NHRC, FNJ to form body to protect journos
Kathmandu June 13
The National Human Rights Commission and the Federation of Nepali Journalists have prepared a draft proposal for the formation of a mechanism that would ensure protection to journalists.
A meeting of the two organisations held here today decided to work together for the protection of journalists. The two institutions had been discussing the issue since 2012, said journalist Binod Bhattrai, adding that the draft had been handed over to NHRC.
At a programme organised by FNJ in Lalitpur today, NHRC Chairman Anup Raj Sharma said even journalists received indirect threats from state organs. “The mechanism will ensure the safety of journalists,” he said.
FNJ President Govinda Acharya said the FNJ was coordinating with the NHRC to ensure the safety of journalists. “We will reach an agreement with NHRC to promote freedom of expression,” said Acharya.

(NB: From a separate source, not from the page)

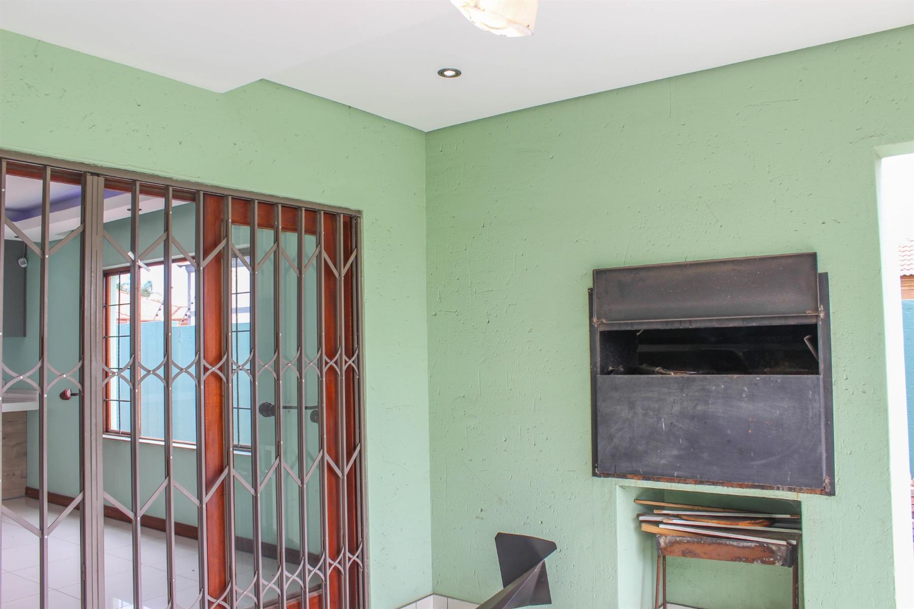 The dining area opens onto a covered patio, complete with a built-in braai, providing the ideal setting for entertaining guests or enjoying a quiet evening outdoors. The adjoining garden area offers a tranquil retreat, perfect for relaxation.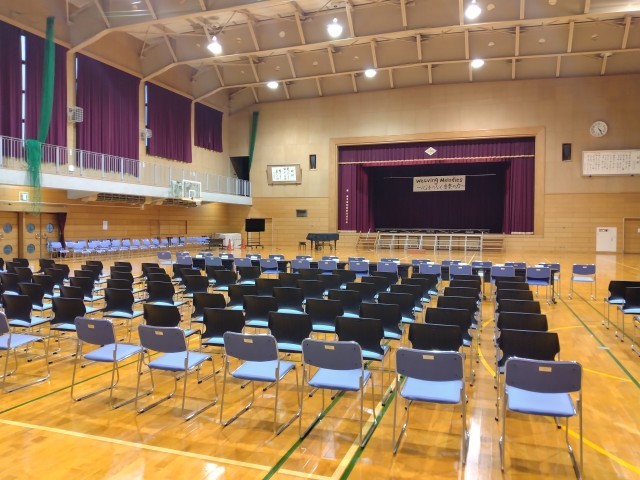 2年生が体育館の準備をしてくれました。てきぱきと動き、あっという間に整いました。

Robert Shaw, a representative of International Media Support, said politically Nepal was at crossroads. “Critical voices and independent journalism are more necessary in Nepal,” he added.

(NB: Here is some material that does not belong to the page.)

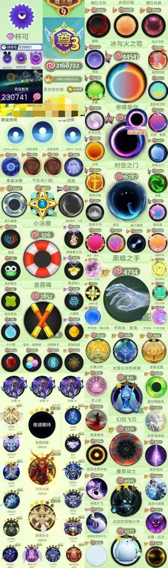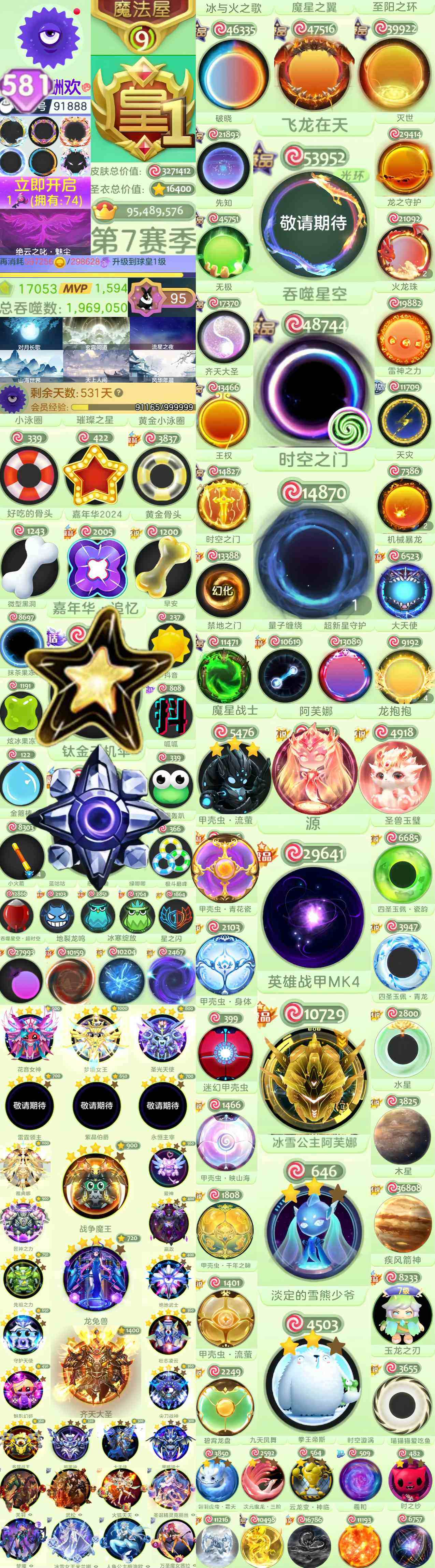 球球大作战黑洞时空之门泳圈璀璨满级暗黑神阿芙娜雷霆万钧甲壳虫大白魔星战士尊id800701

Former FNJ president Shiva Gaule and journalist Prateek Pradhan raised issues facing journalists in Nepal and the critique of the report ‘Defending Journalism’, which was launched today.
“Around the world, journalists work under immense risk and are subjected to threats, physical assault, imprisonment and even murder. The types of perpetrators are varied and growing and include extremist groups, government officials and individuals with power and influence. Meanwhile, impunity rates for those who commit these crimes are still hovering near 90 per cent,” states the report.

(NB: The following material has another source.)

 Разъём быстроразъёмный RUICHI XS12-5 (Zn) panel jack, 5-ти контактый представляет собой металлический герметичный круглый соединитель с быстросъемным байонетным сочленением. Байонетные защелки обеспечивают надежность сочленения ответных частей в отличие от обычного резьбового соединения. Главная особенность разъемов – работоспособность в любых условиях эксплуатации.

According to the report, the outcome of a seven-country research analyses in depth how safety responses have taken hold in these countries. The research documents said how despite the immense ongoing challenge in Afghanistan, Iraq, Nepal, and Pakistan, some important advances had been made to develop joint structures and innovate approaches to defend journalism.
“It examines the long road Colombia has followed in the establishment of its protection programme and looks at what organisations and bodies working on the ground in Indonesia and Philippines struggle against and what they have achieved using the resources available to them,” the report added.